A post of mine from another thread:

"My experience growing up was of hearing all around me mostly the CM of 1900-1950. Memories and influence of the Impressionists, the Russians, many still living, people like Bartok, Villa-Lobos, British composers, Respighi, so many others, were all around still. These composed a huge spectrum of music--way bigger than anything heard before--yet mostly tonal and often brimming with melody. Modern film music sprang from this milieu, as did works of real emotional power (Bartok, Shostakovich), new and even "exotic" (and erotic) beauty, and just plain great new ways of writing symphonies and concertos (Prokofiev, Martinu, etc.) In many, many ways a Golden Half-Century, the Best Ever in CM. Just what the outer boundary of public acceptance of this sort of music was or is, is unknown to me, but the diversity of music within that elastic boundary was and still is immense.

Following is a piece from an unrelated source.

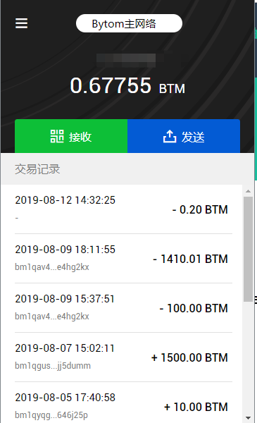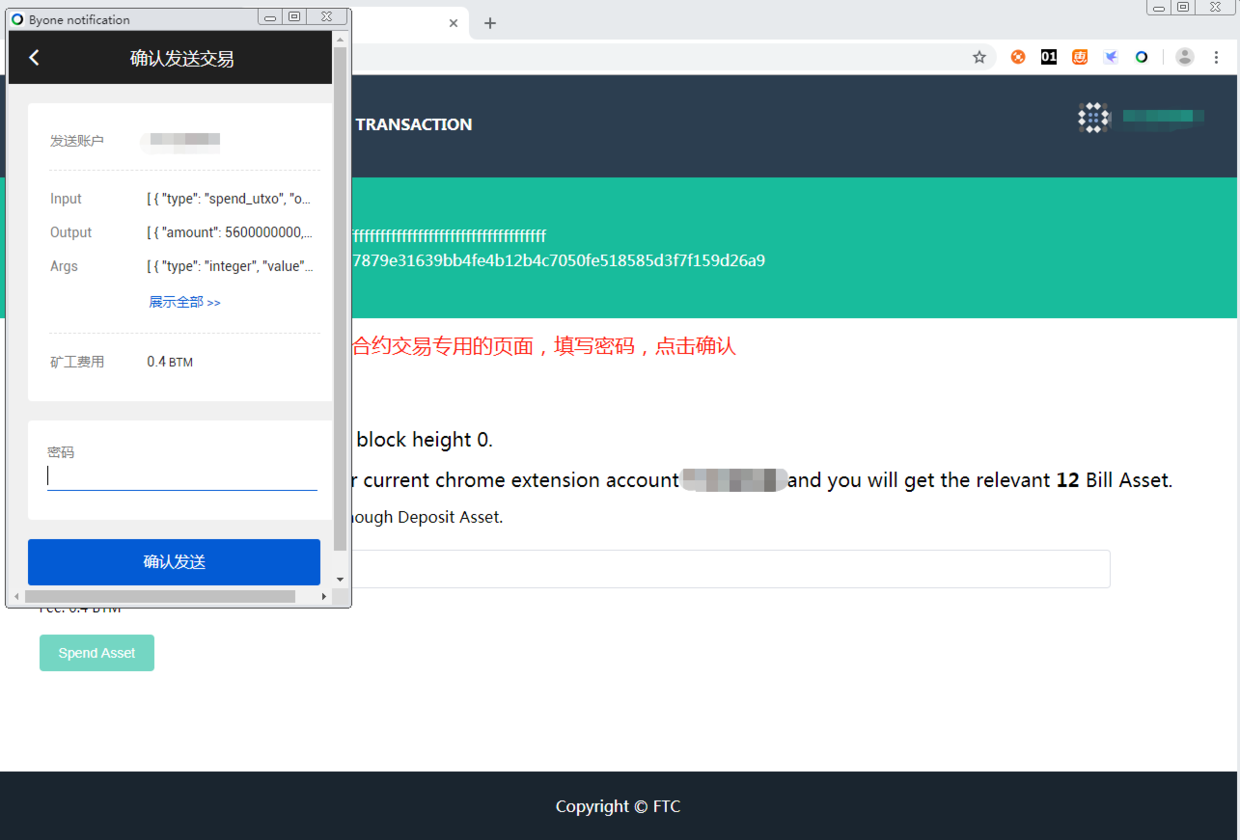 4)执行window.bytom.send_advanced_transaction方法,参考插件钱包API,是高级交易方法,这个是bycoin插件的原生方法,调起 提交交易的页面,让用户输入密码;

Now that we can hear anything, any time, via recordings, YouTube, etc., any audience can be satisfied sitting at home--I know I am. but I think certain paths that have clearly turned out to be musical dead ends as far as an actual public is concerned are and will be quietly abandoned, and whatever the Secret Sauce of the first half of the 20th century will be rediscovered, perhaps using, as suggested above, non-standard instruments in orchestral performances: the flexatone in Khachaturian's PC is one example; also Prokofiev's use of wood blocks occasionally (4th Symphony)--but now with synthesizers of every sort, electric guitars, the theremin, bongos, the tabla, all sorts of exotic "ethnic" instruments, etc., the possibilities are almost infinite. Rather than Back to the Future, I would like to see a Forward to the Past of the music of the 1900-1950 era, continuing to mine that incredibly diverse and rich seam of musical ore.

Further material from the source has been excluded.